▶ [Data excerpt]:

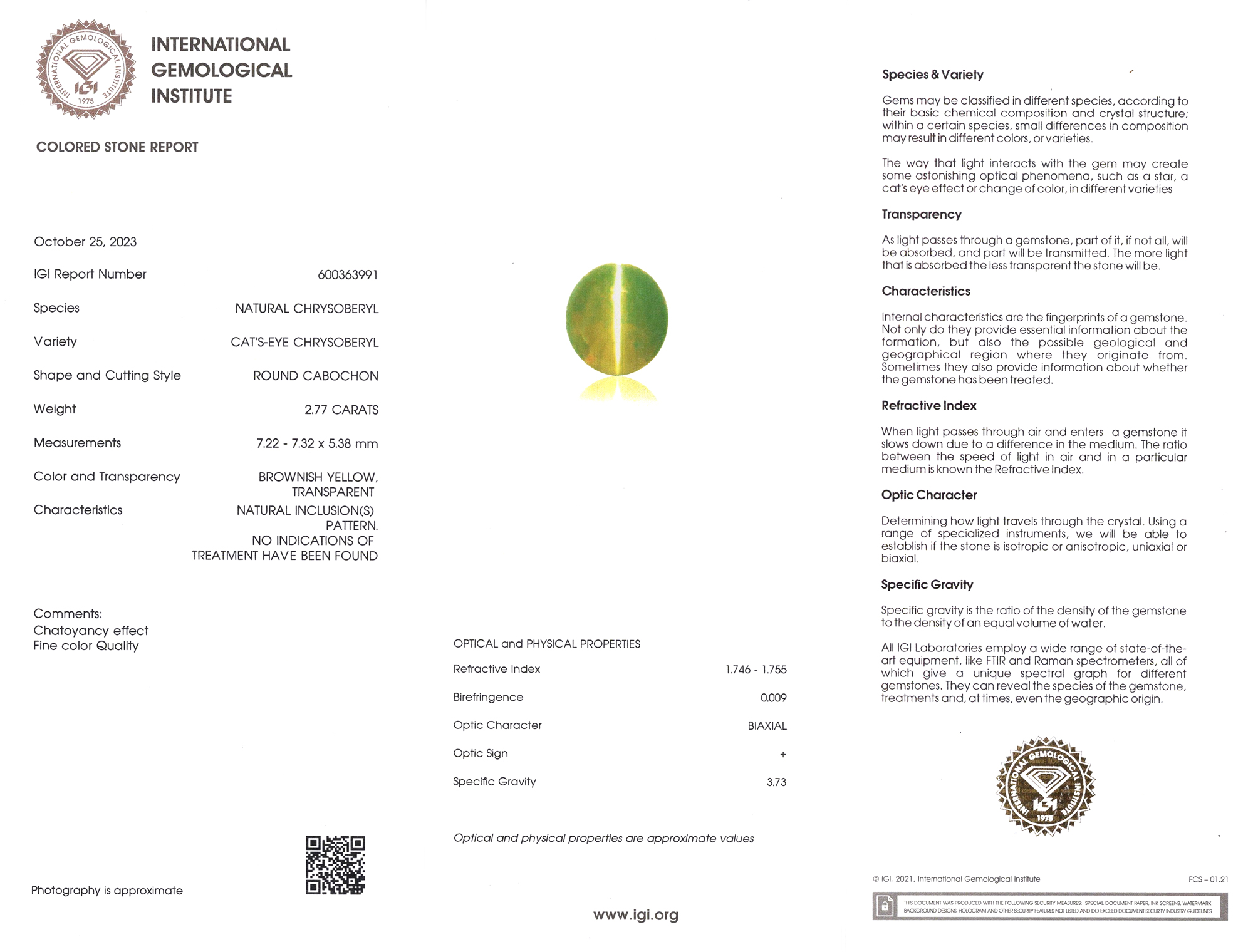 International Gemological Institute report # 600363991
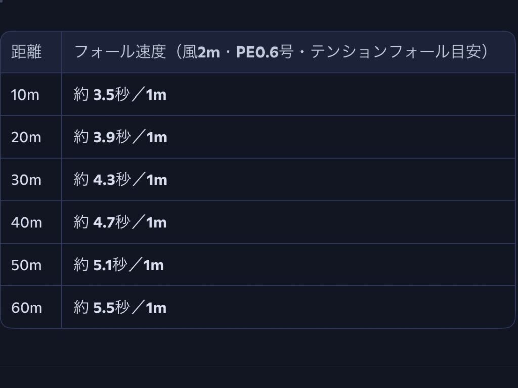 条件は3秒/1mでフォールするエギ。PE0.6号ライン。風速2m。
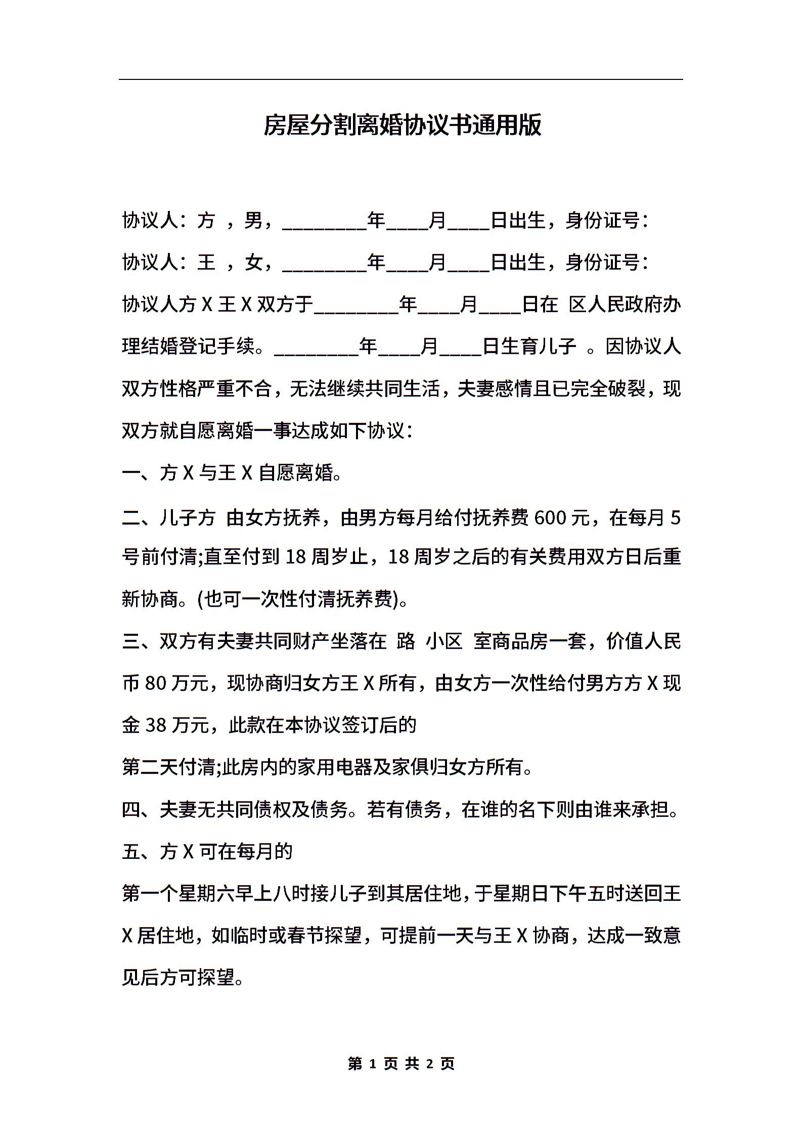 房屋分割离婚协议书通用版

▶ [Task to carry out]:
Word for word, restate the lines from the line containing "条件は3秒/1mでフォールするエギ。PE0.6号ライン。風速2m。" through the end of the data, including the first and last of them. Pictures stay out.

▶ [Written solution]:
 条件は3秒/1mでフォールするエギ。PE0.6号ライン。風速2m。
 房屋分割离婚协议书通用版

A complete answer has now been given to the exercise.